Is The New York Times Good Now? No.

The New York Times has not suddenly developed a conscience; they are seeing the tides turn. On May 11, 2026, the newspaper published Nicholas Kristof’s op-ed titled “The Silence That Meets the Rape of Palestinians,” a belated acknowledgement of the widespread Israeli sexual violence against Palestinian detainees. This silence has been particularly loud in the pages of the Times. The Palestine solidarity movement’s decision to boycott, divest, and unsubscribe from the “paper of record” has raised the cost of that silence.

If the Times were a serious organization, the systematic sexual abuse in Israeli prisons would have been a front-page story years ago. Instead, the testimonies of fourteen survivors, Israeli lawyers on record confirming the rape of Palestinian prisoners, and a UN report describing sexualized torture as Israeli standard operating procedure collected by Kristof were relegated to the Opinion section. Now, after more than two years of sustained public pressure from the Palestine solidarity movement, the Times is catching up to reality — and trying to revise its own history.

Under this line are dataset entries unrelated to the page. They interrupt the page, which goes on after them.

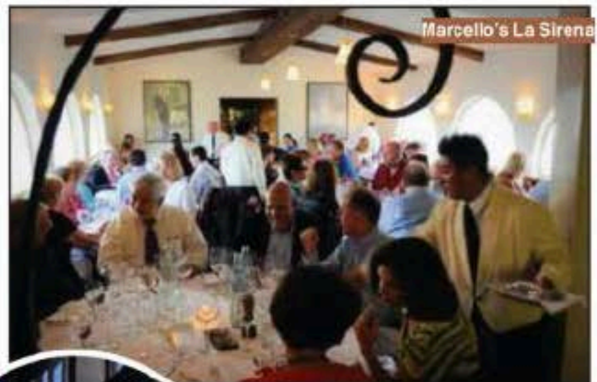
Marcello's La Sirena

The building looks as if it once housed a fast food joint. (It didn't). Once inside the tight dining room, the team of expert servers in white jackets plus the magic from the kitchen will remind you why we go to restaurants in the first place.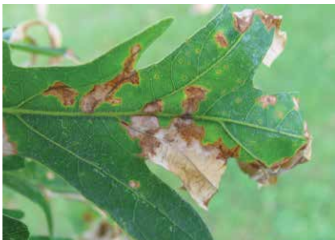
Photo 107. Oak anthracnose.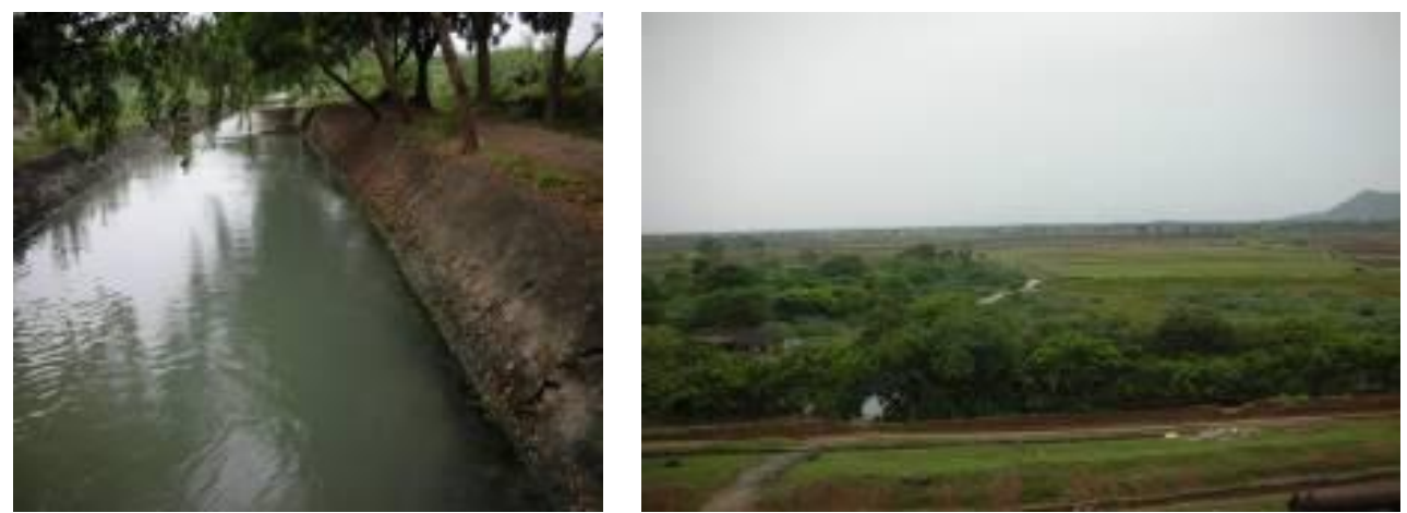
Figure 3 Decanted Water from Ash pond being used for Irrigation

It is essential that in an industrial area like thermal power plants, regular monitoring of water sources is needed, because they are surrounded by villages and hence can affect the health of local biota [13, 14].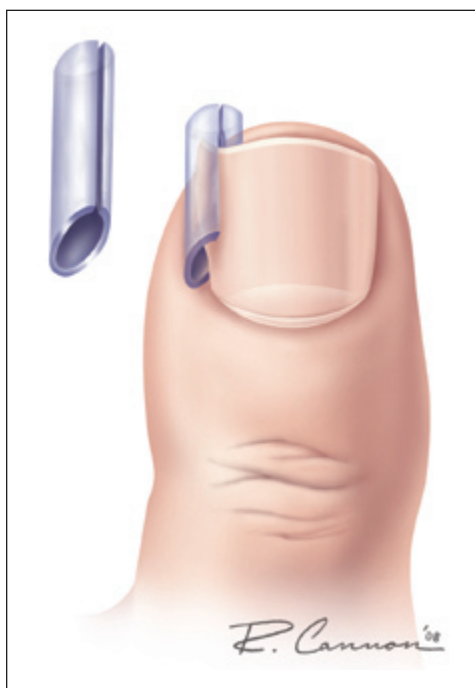
ILLUSTRATION BY RENEE CANNON

Another conservative treatment approach is to use a gutter splint (e.g., a sterilized vinyl intravenous drip infusion tube slit from top to bottom with one end cut diagonally for smooth insertion) that can be affixed to the ingrown nail edge with either adhesive tape or a formable acrylic resin such as cyanoacrylate 15 (Figure 3). A sculptured acrylic artificial nail can also be used in patients with an ingrown nail and no granulation tissue. A plastic nail platform is placed under the nail and fixed with adhesive tape. Formable acrylic is then placed on the nail and platform and molded into a nail shape to cover either a portion or the entire nail area surface. Treatment duration depends on the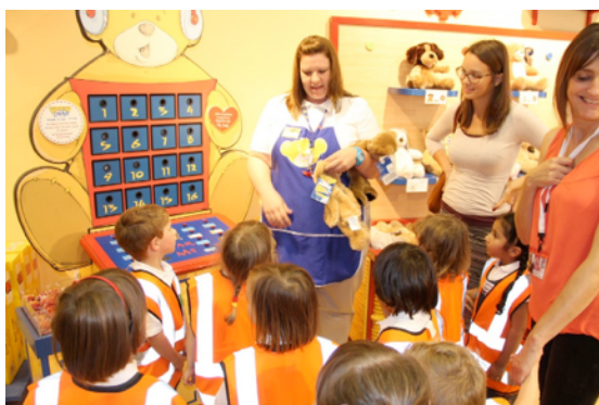
Some Reception children at 'Build a Bear'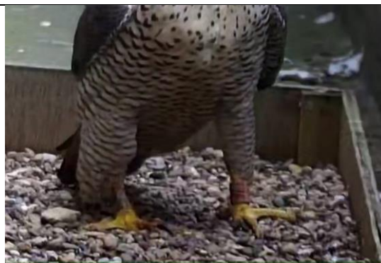
St Wulfram's 2021 – colour-ringed female interloper appeared in the nest tray on 5 th March

Another female appeared on 5 th March that was colour-ringed. It was frustrating that we were not able to zoom in on time to confirm the colour ring lettering. We are 95% sure it is "T7C" which if correct, was ringed as a female chick at Leeds in May 2019. This bird was present for a few days, following which 'our' female inspected the nest tray again. However, it is possible that this new bird 'spooked' our original pair as they both disappeared just prior to egg laying.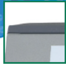
Manual feed option for the processing of individual pressure seal forms

Tel: 01493 664204 Fax: 01493 440241 E-mail: sales@gabforms.com Website: www.gabforms.com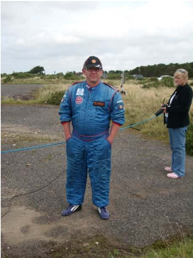
One of the A1 Class Superb Athletes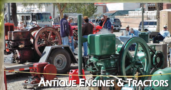
ANTIQUE ENGINES & TRACTORS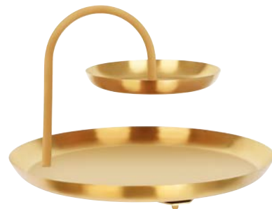
ROUND SEAFOOD STAND 2-TIER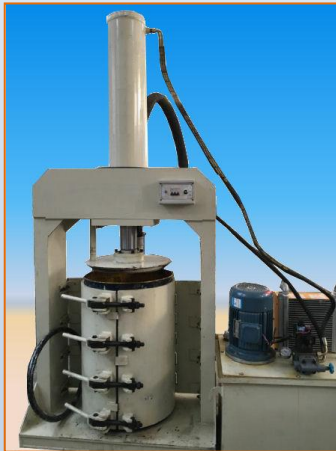
75-C Press Pump for 55 gallon drums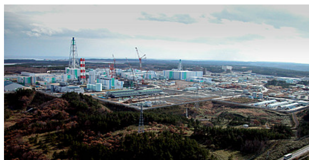
Rokkasho nuclear processing plant

These schemes are being fiercely resisted. Over 810,000 people, for example, have signed a petition demanding a ban on radioactive releases from Rokkasho. But such criticism, and the decision of some countries such as Germany to scrap nuclear energy will not affect Japan's march to the future, insists the Ministry. "Each country has its own conditions in formulating energy policy. Nuclear power remains important for us," said an official. METI believes that Japan's decision to stick with this policy, despite a string of scandals, huge cost overruns, the high price of nuclear power and unresolved problems of waste disposal may be about to pay off.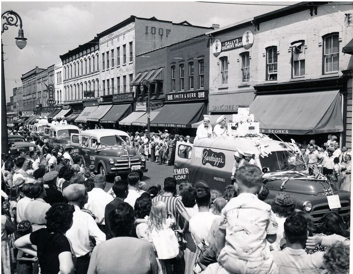
Ingersoll Centennial parade, 1952. Depicts Thames Street looking east from the corner of King Street. Four Zurbrigg's Bakery delivery vans are depicted in a row with bakers in costume perched on the rear. East side of Thames streetscape including: P. T. Walker furniture; Hydro shop; Rexall drugs; IOOF hall; Passmore's; Smith & Kerr Clothing; Sally's Style shop; Walker stores. Decorative street lights Brick paving shown.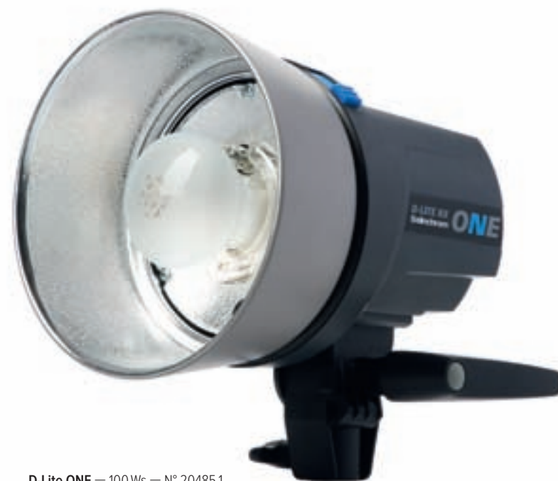
D-Lite ONE – 100Ws – N° 20485.1

Used outside the studio, the D-Lite RX ONE is the perfect creative companion to an existing Speedlight system, making use of the built-in Intelligent Slave Cell to offer perfect flash synchronisation.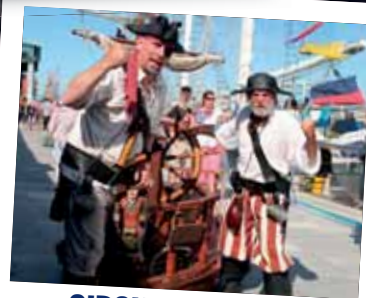
CIRCUS ACTS AND STREET PERFORMERS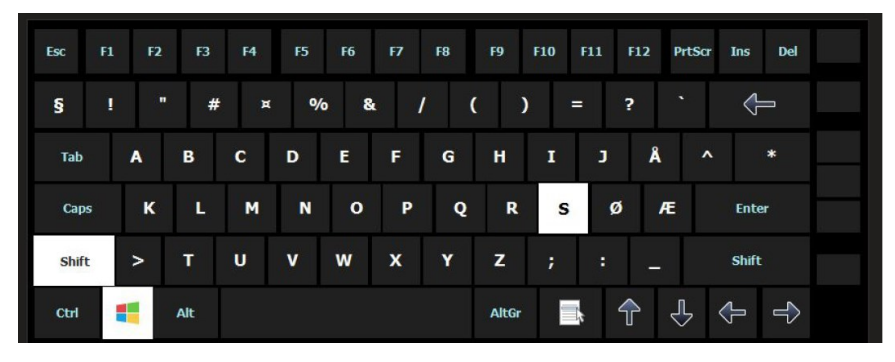
Fig. 1. A screenshot of the virtual alphabetical keyboard in dark mode.

balanced set comprising 8 participants with a preference for dark mode and 8 participants with a preference for light mode. The recruiting process revealed that there were slightly more people with a preference for light mode, yet it was relatively easy to recruit a completely balanced set of participants with both preferences.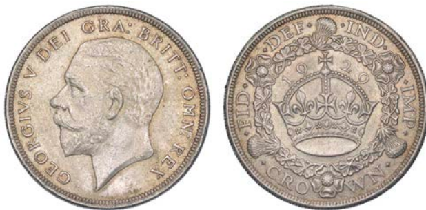
311 Crown, 1929 (ESC 369; S 4036). Better than extremely fine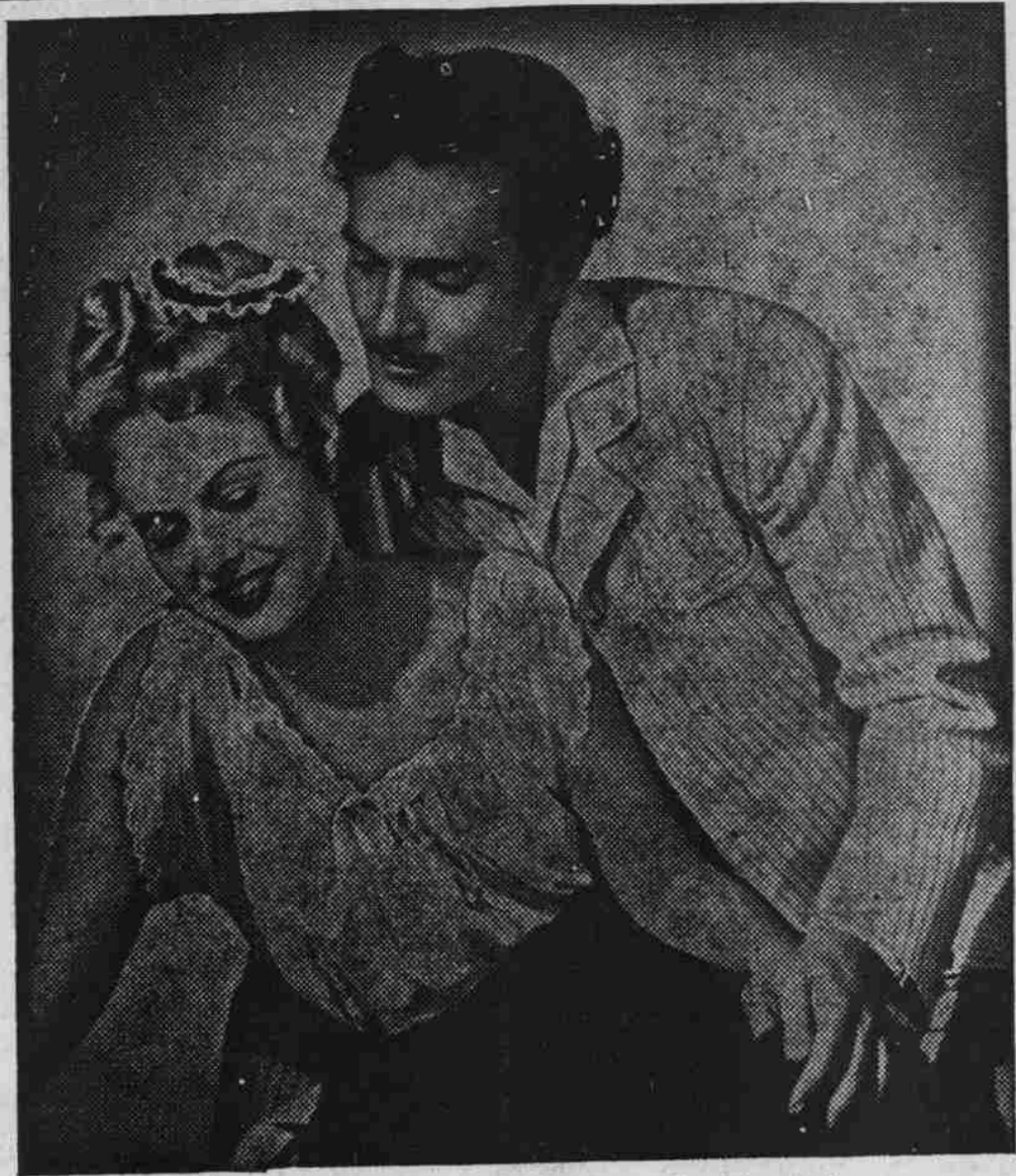
Above are Hurd Hatfield and Paulette Goddard in a romantic scene from "The Diary of a Chambermaid," showing at the Carolina today.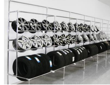
➤ Joker Pipe System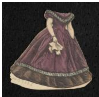
Toys and games: M. Lavinina Warren paper doll, burgundy dress (2003.009.062 C)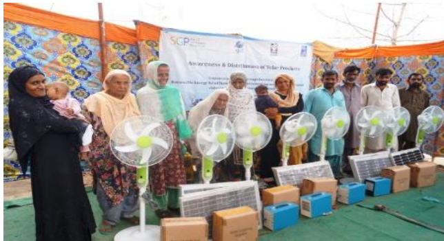
Awareness & Distribution of Solar Fan Kits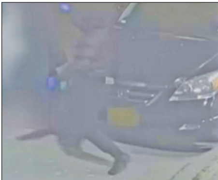
Police Photo of the Fatal Killing If convicted, each defendant faces a mandatory sentence of life in prison, or the death penalty.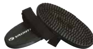
2000-ABM ALPINE METAL BRUSH OVAL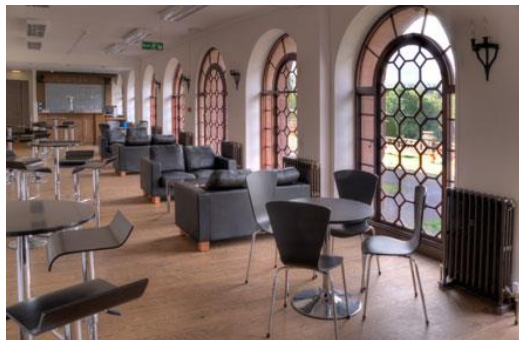
Adult Bar 'The Orangery'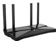
Upgraded modem TP-Link VX230v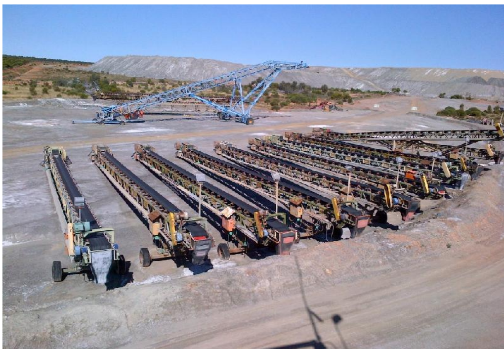
Figure 3: SIGM heap leach grasshopper conveyors and stacker

A preliminary engineering valuation study on the plant was completed by Como Engineers in June 2014 and included site visits to inspect the equipment, interview operating and maintenance personnel, collate all equipment list and drawings and inspect the carbon recovery circuit that is still in operation. A valuation and replacement cost review was then provided in addition to a condition report and a first pass estimate to relocate and refurbish the plant. Operating and maintenance data were also reviewed.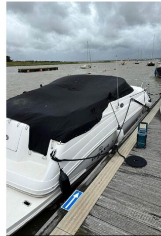
Rinker 230 - mooring cover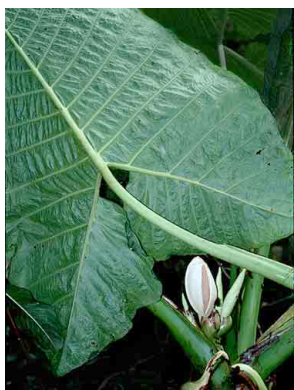
12 Xanthosoma ARACEAE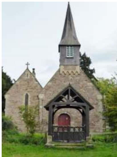
St. Michael's Church, Breinton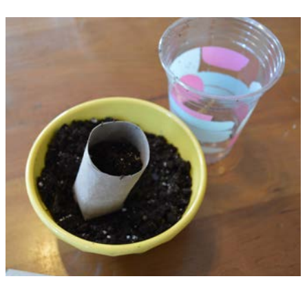
Step 3: Fill the tub with soil and place your seed!

Step 1: Cut four slits into one end of the roll. The cuts should be no longer than 1 inch.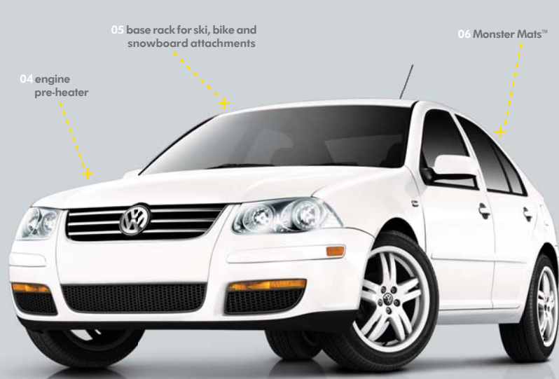
05 base rack for ski, bike and snowboard attachments

Kristof bookends his piece with a false equivalence: He starts by uncritically invoking debunked claims of “brutal sexual assaults against Israeli women during the Hamas-led attack on Israel on October 7, 2023." He closes by placing these unsubstantiated claims on the same evidentiary footing as the well-documented abuse and torture that Zionist soldiers have inflicted on Palestinians in captivity: "The horrific abuse inflicted on Israeli women on Oct. 7 now happens to Palestinians day after day."

Kristof’s equivocations reframe a genocide into a both sides, tit-for-tat conflict. Yet no matter how hard he or the Times tries to contort reality, the global majority sees it clearly: Israel is committing genocide in Palestine, and sexual torture has long been part of its strategy.

Even when it documents Palestinian suffering, the Times foregrounds the false allegations of mass sexual abuse on October 7 — allegations that it played a key role in fabricating. The foundational piece of this myth, "Screams Without Words," is a masterclass in shoddy journalism. Its sources recanted under scrutiny, and one of its authors, a former Israeli intelligence officer, was fired for liking openly genocidal posts. Despite these violations of journalistic integrity, the Times has refused to retract the piece.

Do not mistake the bile directed at Kristof’s piece as evidence that the Times has turned a new page. The hundreds of Zionists who gathered outside the Times building and the Israeli officials now threatening to sue the paper share a deep sense of betrayal. The paper that has long served as Israel’s mouthpiece, with a long history of uncritically laundering Zionist propaganda, is showing faint signs of losing faith — or, more probably, losing subscribers. Kristof’s op-ed should be understood primarily as self-preservation for the Times’ brand.

A day after running Kristof’s piece in the Opinion section, the Times published a piece in its international section covering a new report repackaging old allegations of mass sexual violence at the hands of Hamas. What Isabel Kershner, whose two sons served in the IOF, failed to mention in the piece is that Israeli media already exposed the author of the report as a fraud who has been caught fabricating evidence of sexual abuse by Hamas before.

Cracks are beginning to show in corporate media’s commitment to the Zionist project. We must keep up the pressure. More than 500 writers and activists have pledged not to write for the paper’s Opinion section. Multitudes refuse to engage with the genocidal rag’s propaganda. Forcing the paper to retract “Screams Without Words” — a fatal hallucination on par with the Times’ lies about Iraq in 2003 — is a first demand. We owe it to the people of Palestine to demand that Western news outlets accurately report on the ongoing genocide and stop shielding the Zionst state from accountability.